C’était une fausse ambiance car, en réalité, les esprits étaient plutôt au compte : combien pour ceci, combien pour cela ; les «guingare bankarey», «les guingare foyguinay», «les guingare kayyessi», bref, tout un tas de dépenses liées à cette fête. Les calculs torturaient l’esprit et l’angoisse aussi car, petit à petit, la journée s’estompait sans que le virement ne tombe. Pas besoin de retourner à la maison car la bouche était fermée pour cause de carême. Les prières s’accomplissaient sur place dans la mosquée la plus proche ou dans des mosquées improvisées à un coin ou au parking de la banque. L’imam circonstanciel est un des patients, le plus sage ou celui dont la barbe était la plus fournie. La fin des prières était ponctuée par de longues séances de récitations d’invocations en tout genre pour implorer la clémence d’Allah et aussi celle des autorités du pays. Après seize (16) heures, les yeux commençaient à devenir rouge, très rouges ; de fatigue mais aussi de frustration. Un sentiment de déception prenait le pas dur l’espoir fondé en début de matinée. Déjà certains quittaient les lieux, nourrissant l’espoir de se retrouver très bientôt car, des rumeurs annonçaient que les salaires étaient fait ; surtout qu’une banque voulant se racheter  d’une erreur qu’elle avait commise avait accepté de préfinancé et elle distribuait déjà les salaires. Pour d’autres, les plus caïds, il ne fallait pas quitter les lieux ; il faut attendre quelque soit l’heure ; même si la banque fermait, on avait sa carte électronique qui permettait de faire les opérations sans coup férir. Il faut donc attendre, attendre… et personne ne pourrait dire exactement à quelle heure l’espoir avait déserté les cœurs et les esprits. Toujours est-il dit qu’à un certain moment, tout s’était estompé : plus personne ; on est rentré, forcément, pour rompre le jeûne et reposer son corps et son esprit. Échec et mat !

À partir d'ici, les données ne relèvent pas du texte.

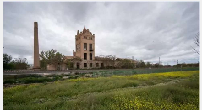
Fig 15. Azucarera de San Isidro

LIFE Wood for Future researchers will be the first to be installed in the new spaces of the BIC industrial building of the San Isidro Sugar Factory .
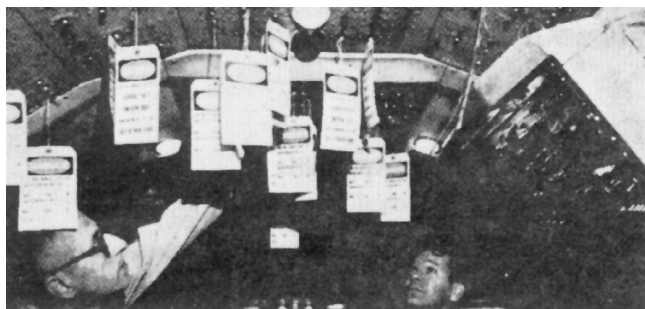
FIGURE A.4.4.7 Use of a Tag-Out System.

A.4.4.8(1) No fewer than two people should work on energized electrical systems in areas containing flammable fluid lines.

Samedi veille de la fête ! Ultime journée ! Tout passe ou tout casse ! Plus rien à faire ; il faut reprendre le sit-in ! Et très tôt le matin, ils étaient là, prompts et à l’heure. Les visages reprenaient leur allant. Pas le même que celui de la veille car aujourd’hui c’est le tout dernier jour. Que d’espoir, c’est plutôt l’angoisse qui rongeait les cœurs. Et ils avaient raison car cette fois-ci les rumeurs n’auguraient absolument rien d’encourageant. En effet le vent rapportait que le gouvernement avait demandé aux banques de pré financer ; une nouvelle inquiétante car l’on sait très bien que certaines banques attendent encore d’être remboursées pour des avances qu’elles avaient déjà consenties à l’État. La main quittait la tête pour la poitrine, juste là où se trouve le cœur. Petit à petit, la journée s’écoulait ; les virements ne tombaient toujours pas. Alors, les esprits s’orientent cette fois-ci sur les téléphones ; pour ceux qui ont encore un peu de crédit bien sûr. Les conversations tournaient autour d’un seul point : une demande d’avance ou de prêt à un ami, à une connaissance. Partout, les réponses étaient les mêmes car on rabaissait ou laissait choir le téléphone dans un profond signe de désolation. Les yeux devenaient de plus en plus rouges, hagards et le regard perdu vers des cieux incertains. L’humidité faisait scintiller ces regards d’adultes désespérés, ne sachant à quel Saint se vouer. Retourner à la maison ? Pour dire quoi ? Que dire à madame ? Que dire surtout aux enfants qui attendent leurs habits de la fête ? Que dire de l’honneur, de la dignité et de la joie saccagés d’un père de famille ?
Allah wa’allam ! Allah seul sait les frustrations et les heurts enregistrés dans les familles des fonctionnaires à l’occasion de cette fête qui rappelle les moments précurseurs de la déchéance d’un certains   temps que les fonctionnaires ont oubliée   y’a très longtemps. Combien de chefs de famille ont certainement pleuré entre les murs ou sous les draps de la honte ? Et prenez garde car ces gens ont vécu un mois de privations en tout genre ; Allah écoute ses fidèles.